## RECORD EXCERPTS
[Start of section]

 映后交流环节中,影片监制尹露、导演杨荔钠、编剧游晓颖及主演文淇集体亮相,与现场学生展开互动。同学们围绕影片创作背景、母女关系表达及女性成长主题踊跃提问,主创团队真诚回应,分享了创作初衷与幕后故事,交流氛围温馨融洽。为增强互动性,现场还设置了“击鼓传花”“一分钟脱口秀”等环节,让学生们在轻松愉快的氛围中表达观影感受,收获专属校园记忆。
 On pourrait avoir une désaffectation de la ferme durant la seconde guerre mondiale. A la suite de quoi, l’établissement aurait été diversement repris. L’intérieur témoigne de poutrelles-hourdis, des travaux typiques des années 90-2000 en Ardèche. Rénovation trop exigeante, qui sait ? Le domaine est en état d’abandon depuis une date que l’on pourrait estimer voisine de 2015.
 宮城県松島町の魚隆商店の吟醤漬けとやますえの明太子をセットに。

[End of section]
[Start of section]

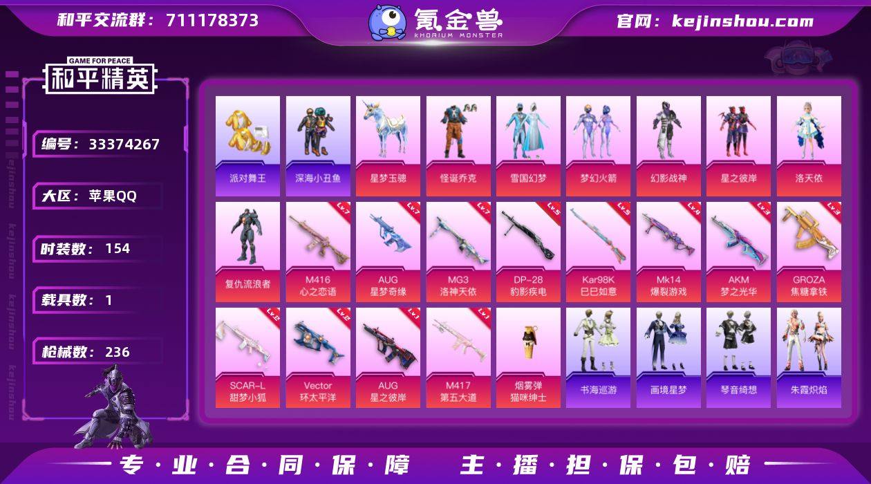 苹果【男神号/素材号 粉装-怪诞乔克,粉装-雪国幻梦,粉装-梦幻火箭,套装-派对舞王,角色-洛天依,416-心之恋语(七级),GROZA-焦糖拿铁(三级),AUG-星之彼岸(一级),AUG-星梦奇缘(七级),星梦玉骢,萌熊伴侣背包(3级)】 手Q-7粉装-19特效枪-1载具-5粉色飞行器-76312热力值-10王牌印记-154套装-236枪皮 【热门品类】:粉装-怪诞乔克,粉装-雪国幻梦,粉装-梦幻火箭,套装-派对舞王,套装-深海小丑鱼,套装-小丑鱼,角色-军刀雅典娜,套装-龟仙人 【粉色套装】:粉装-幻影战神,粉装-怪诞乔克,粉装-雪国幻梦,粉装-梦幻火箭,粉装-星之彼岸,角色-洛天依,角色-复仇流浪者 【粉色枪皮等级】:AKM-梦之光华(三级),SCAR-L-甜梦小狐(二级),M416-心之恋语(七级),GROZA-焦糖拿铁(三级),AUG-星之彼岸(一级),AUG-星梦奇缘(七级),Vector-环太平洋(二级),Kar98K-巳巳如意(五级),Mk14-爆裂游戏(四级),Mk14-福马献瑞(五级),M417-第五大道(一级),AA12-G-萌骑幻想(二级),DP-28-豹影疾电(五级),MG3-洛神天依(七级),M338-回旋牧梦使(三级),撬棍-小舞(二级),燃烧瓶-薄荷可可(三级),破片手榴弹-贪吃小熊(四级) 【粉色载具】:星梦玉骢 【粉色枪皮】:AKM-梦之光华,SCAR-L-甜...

[End of section]

## TASK PROMPT
Once the line with "映后交流环节中,影片监制尹露" is found in the records above, print exactly that line and every line after it through the line with "On pourrait avoir".

## EXERCISE RESULT
 映后交流环节中,影片监制尹露、导演杨荔钠、编剧游晓颖及主演文淇集体亮相,与现场学生展开互动。同学们围绕影片创作背景、母女关系表达及女性成长主题踊跃提问,主创团队真诚回应,分享了创作初衷与幕后故事,交流氛围温馨融洽。为增强互动性,现场还设置了“击鼓传花”“一分钟脱口秀”等环节,让学生们在轻松愉快的氛围中表达观影感受,收获专属校园记忆。
 On pourrait avoir une désaffectation de la ferme durant la seconde guerre mondiale. A la suite de quoi, l’établissement aurait été diversement repris. L’intérieur témoigne de poutrelles-hourdis, des travaux typiques des années 90-2000 en Ardèche. Rénovation trop exigeante, qui sait ? Le domaine est en état d’abandon depuis une date que l’on pourrait estimer voisine de 2015.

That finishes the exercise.